Можно сказать, что на протяжении всего средневековья обычным для армянского этноса состоянием было такое положение, когда он весь или частично находился в рамках чуждой ему государственности, а феодальная верхушка, эксплуатировавшая крестьянские массы, была в значительной мере или даже полностью иноэтничной. В этих условиях заменителем политической структуры как станового хребта существования этнонационального организма выступала церковь, и не столько сама церковная организация, хотя и ее роль была очень значительна, сколько осознание народом принадлежности к особому, этнически специфичному вероисповеданию. Это вероисповедание в средневековых условиях выступало как бы чехлом для всего массива идеологической культурной традиции, которая сама по себе могла и не иметь никакого религиозного содержания, Это положение характерно для большинства этносов эпохи феодализма, но для армян - в высшей степени.

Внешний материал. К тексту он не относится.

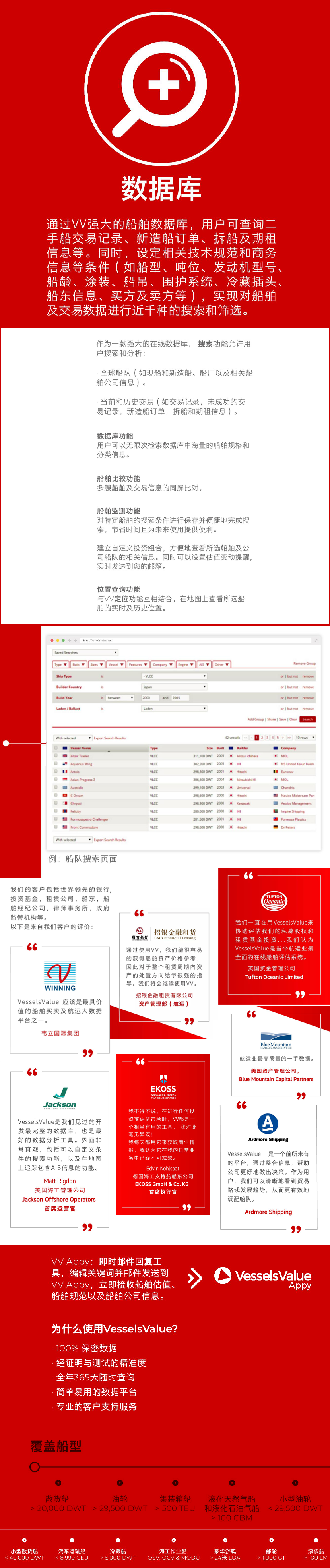 數據報告: | 可定制 | 其他優勢: | 搜索船舶維度豐富,如“船隊、船舶配置規格、交易方信息等”;自定義投資組合,高效查看目標船隊及船舶信息 |
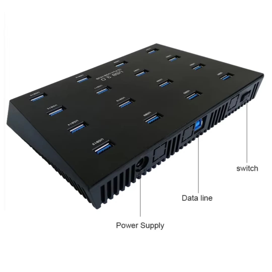 USB3.0対応 16ポートハブ A-163 高速転送&電源付き
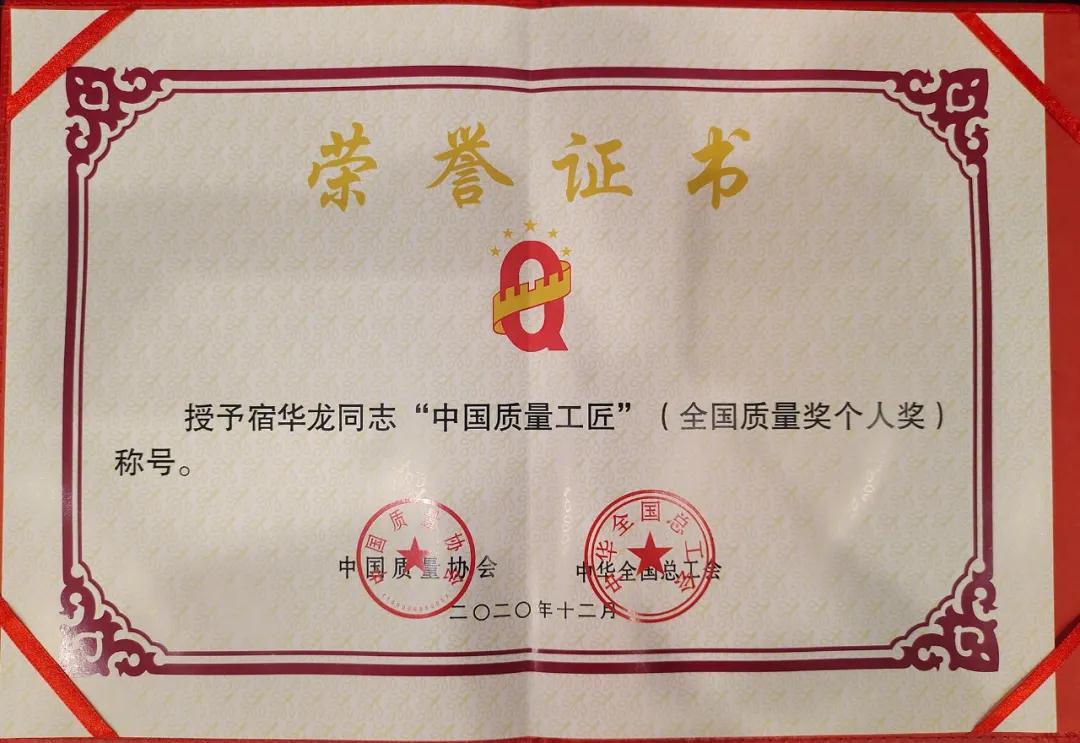 兵器工業集團宿華龍榮獲第十九屆全國質量獎“中國質量工匠”稱號 |
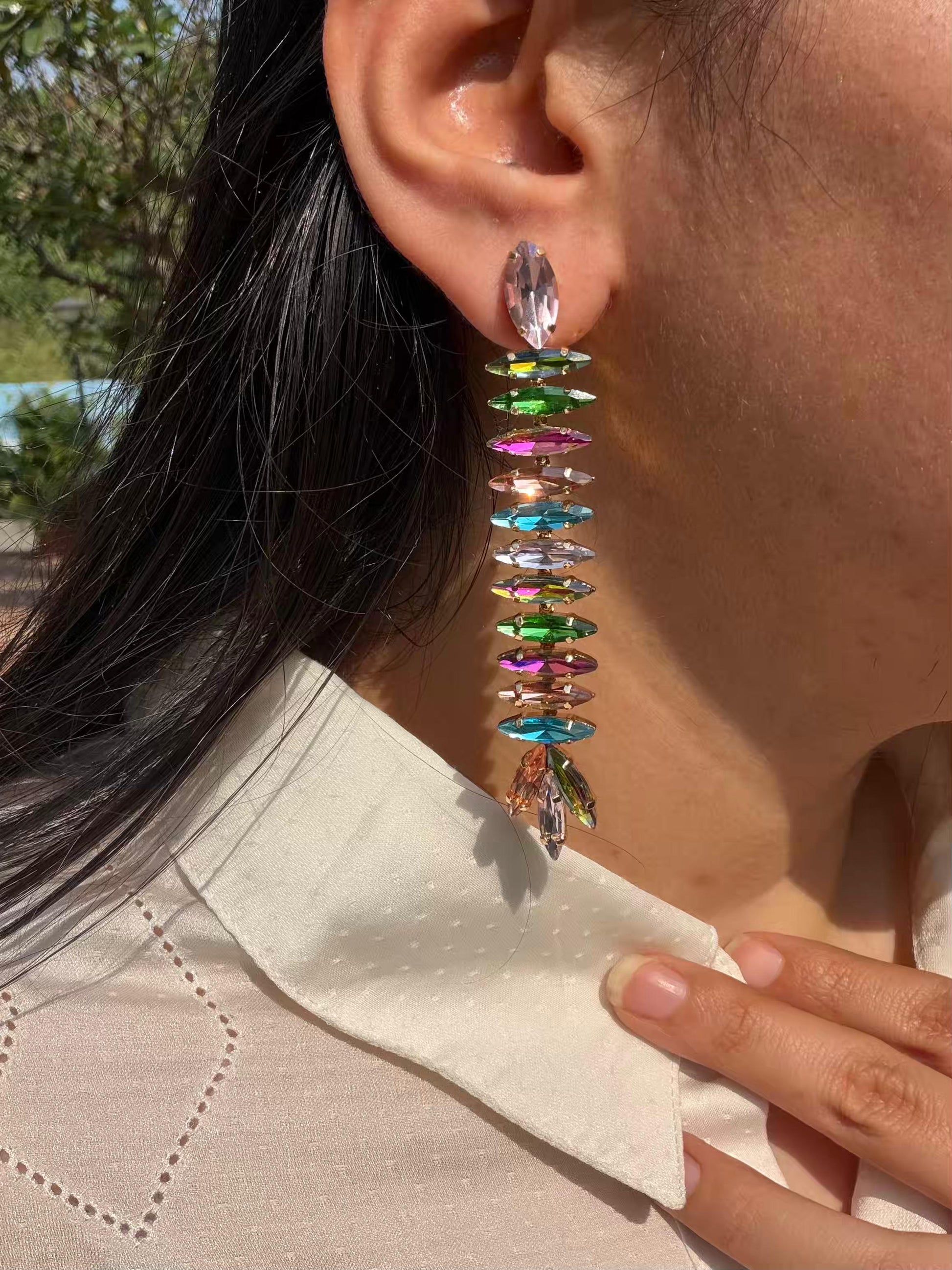 Long Stone Chain Multicolour Gold Plated Earrings
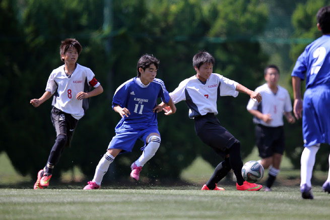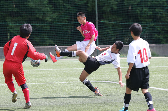 両日とも天候に恵まれ、大会アンバサダーの元日本代表・中山雅史氏と元日本代表・北澤豪氏が見つめる中、11人対11人による12分ハーフのフルコートマッチで開催。女子選手で編成された広島地区代表のマリットや1年生だけで出場した同地区代表のMETEORO岡大附中、サッカー部や野球部、ハンドボール部らの男女混成チームによる仙台地区代表のハニー仙台など、特色のあるチームが熱戦を繰り広げた。

В этой ситуации любая книга, написанная на армянском языке, - и порой даже не на армянском, а, как в ситуации с армянами в Польше, на другом (армяно-кыпчакском) языке, но знаками армянской, этнически специфичной, письменности, притом именно церковным каноническим по черком, - приобретала ореол святости. Те, в чьих руках она находилась, берегли ее, как святыню, и это относилось к любой армянской книге независимо от ее содержания. Люди грамотные читали ее, и сама магия слов старинного и в то же время родного языка способствовала их самоутверждению, осознанию своей слитности с национальной культурной традицией. Люди более образованные осознавали ее содержательное значение. Но даже для людей неграмотных книга, а порой даже ее фрагмент, отдельные страницы письменного текста служили талисманом, магическим охранителем и материальным подтверждением духовной связи со всем народом и его культурной традицией. И в отличие от Грузии старинный, приспособленный к тростниковому каламу, церковный почерк не изменился в веках и лег в основу современного шрифта.

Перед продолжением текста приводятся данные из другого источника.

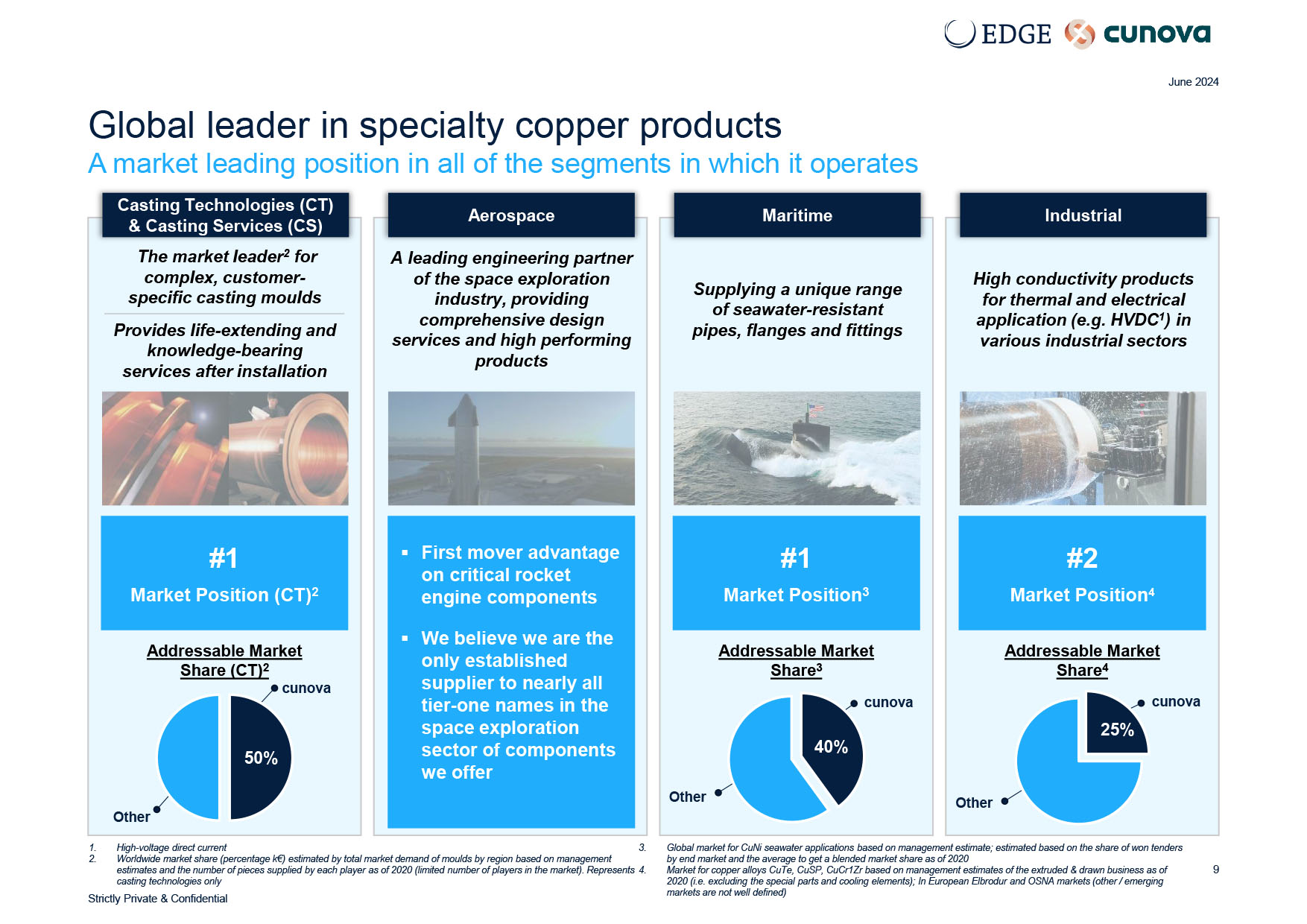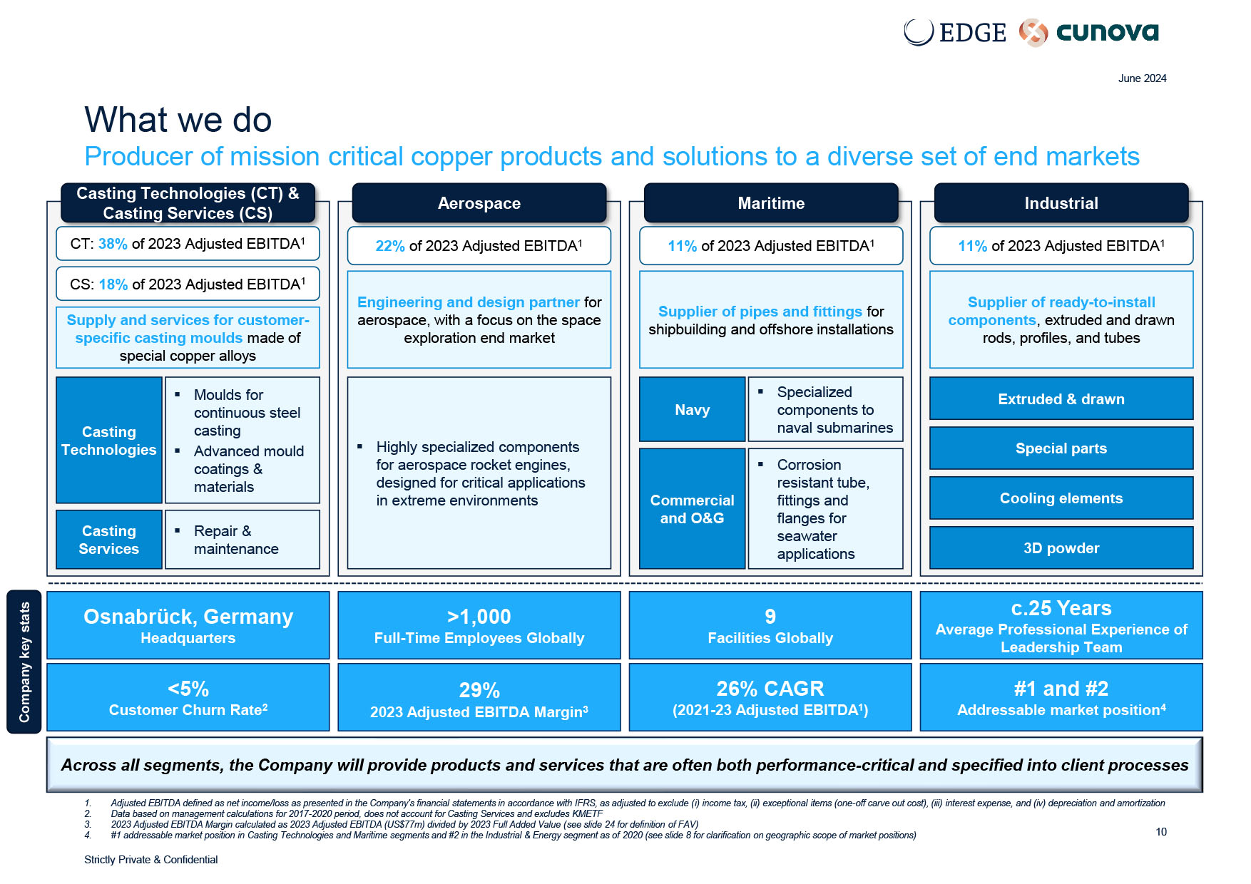 Strictly Private & Confidential Global leader in specialty copper products 9 A market leading position in all of the segments in which it operates Casting Technologies (CT) & Casting Services (CS) The market leader 2 for complex, customer - specific casting moulds #1 Market Position (CT) 2 1. High - voltage direct current 2. Worldwide market share (percentage k€) estimated by total market demand of moulds by region based on management estimates and the number of pieces supplied by each player as of 2020 (limited number of players in the market). Represents casting technologies only 3. Global market for CuNi seawater applications based on management estimate; estimated based on the share of won tenders by end market and the average to get a blended market share as of 2020 4. Market for copper alloys CuTe , CuSP , CuCr1Zr based on management estimates of the extruded & drawn business as of 2020 (i.e. excluding the special parts and cooling elements); In European Elbrodur and OSNA markets (other / emerging markets are not well defined) Addressable Market Share (CT) 2 Maritime Supplying a unique range of seawater - resistant pipes, flanges and fittings #1 Market Position 3 Industrial High conductivity products for thermal and electrical application (e.g. HVDC 1 ) in various industrial sectors #2 Market Position 4 Addressable Market Share 3 Addressable Market Share 4 50% Aerospace A leading engineering partner of the space exploration industry, providing comprehensive design services and high performing products ▪ First mover advantage on critical rocket engine components ▪ We believe we are the only established supplier to nearly all tier - one names in the space exploration sector of components we offer Provides life - extending and knowledge - bearing services after installation cunova Other cunova cunova Other 40% Other June 2024
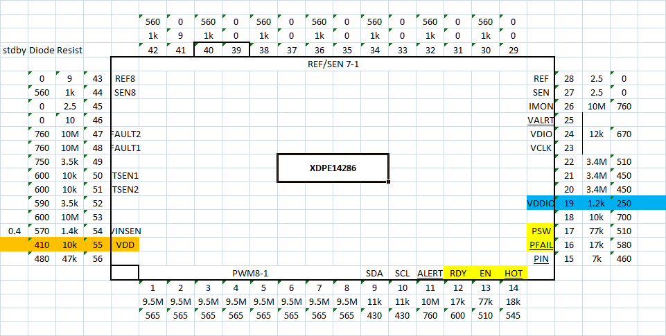 Resistence on XDPE Pin 55 is 2,8k. Maybe XDPE can not be initialised because of BIOS hanging? Or it is the other way round? We will find out ![]()
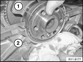 Secure flywheel with special tool (1) 11 9 260 and special tool (2) 11 9 266.

Само собой разумеется, что наличие книг, причастность к ним, возможность поддерживать фонд словообразования их периодическим чтением или слушанием приобретали особую ценность в диаспоре, где за пределами семейного круга каждый оказывается погруженным в океан иноязычной речи, совершенно иной и по языковой, и по поведенческой традиции. Не только в диаспоре, но и в районах исконного компактного расселения армян под игом чуждой государственности наличие книжности играло огромную роль. Чуждая государственность имела свою собственную письменность на иной религиозной традиции, на иной графической (в большинстве случаев арабской) основе. Само внешнее различие графических основ армянского и арабского шрифтов даже для неграмотных людей служило постоянным индикатором этнической дифференциации, напоминанием о разности культурных традиций, тогда как в устной речи многие армянские диалекты впитали в себя огромное количество иноязычных, в основном тюркских, заимствований. Надо думать, что именно наличие книжности уберегло большинство армянских популяций, живших в тюркском и ином языковом окружении, от полной языковой ассимиляции, равно как и от этнического раскола между григорианами и католиками. Там же, где ассимиляция все же происходила, наличие этнически специфичной графики мешало, вместе с собственно религиозным фактором, переходу языковой ассимиляции в ассимиляцию этнокультурную.
С.А. Арутюнов. Народные механизмы языковой традиции.